** Data below follows **
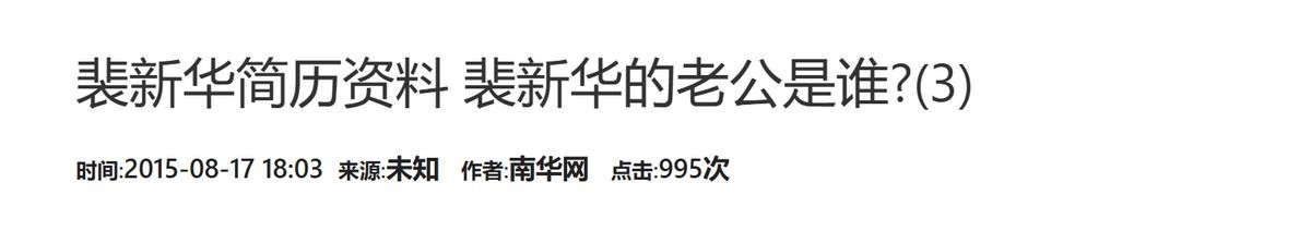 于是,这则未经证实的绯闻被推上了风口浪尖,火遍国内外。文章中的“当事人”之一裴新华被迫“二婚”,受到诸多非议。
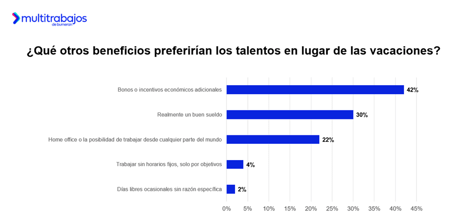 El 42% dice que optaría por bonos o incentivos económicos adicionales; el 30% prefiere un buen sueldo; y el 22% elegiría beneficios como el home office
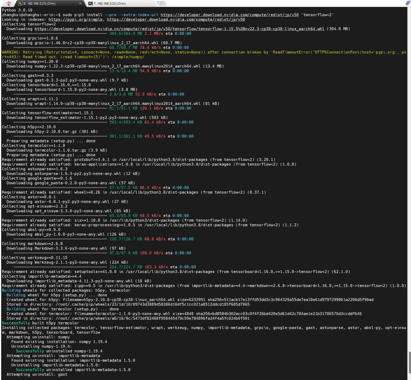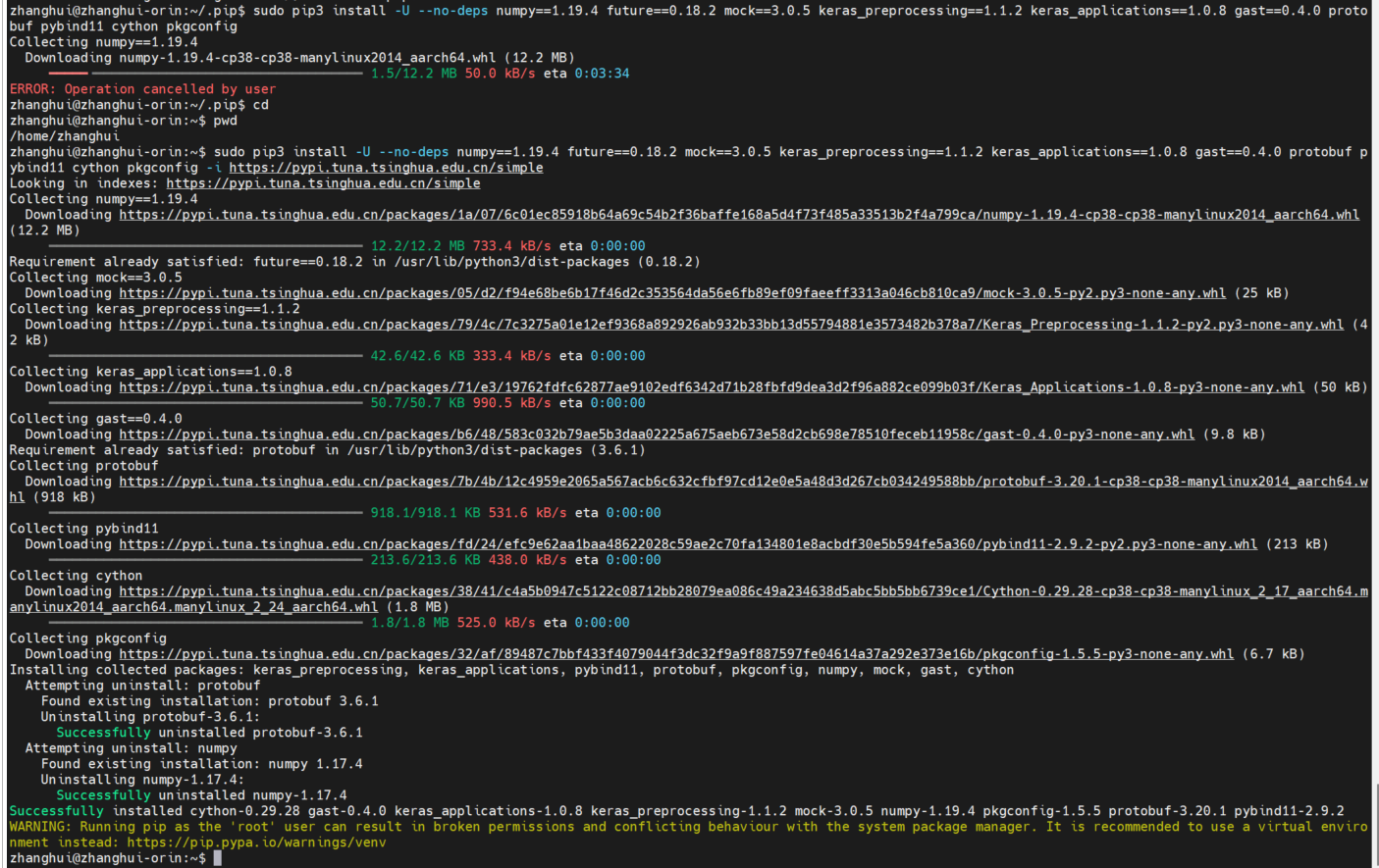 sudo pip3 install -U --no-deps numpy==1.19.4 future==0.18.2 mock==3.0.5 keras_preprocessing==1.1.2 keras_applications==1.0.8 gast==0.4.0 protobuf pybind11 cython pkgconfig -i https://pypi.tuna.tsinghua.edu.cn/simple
** End of Data below **
### What you have to do
The full material above must be output verbatim, minus any pictures.

### Problem solution
 于是,这则未经证实的绯闻被推上了风口浪尖,火遍国内外。文章中的“当事人”之一裴新华被迫“二婚”,受到诸多非议。
 El 42% dice que optaría por bonos o incentivos económicos adicionales; el 30% prefiere un buen sueldo; y el 22% elegiría beneficios como el home office
 sudo pip3 install -U --no-deps numpy==1.19.4 future==0.18.2 mock==3.0.5 keras_preprocessing==1.1.2 keras_applications==1.0.8 gast==0.4.0 protobuf pybind11 cython pkgconfig -i https://pypi.tuna.tsinghua.edu.cn/simple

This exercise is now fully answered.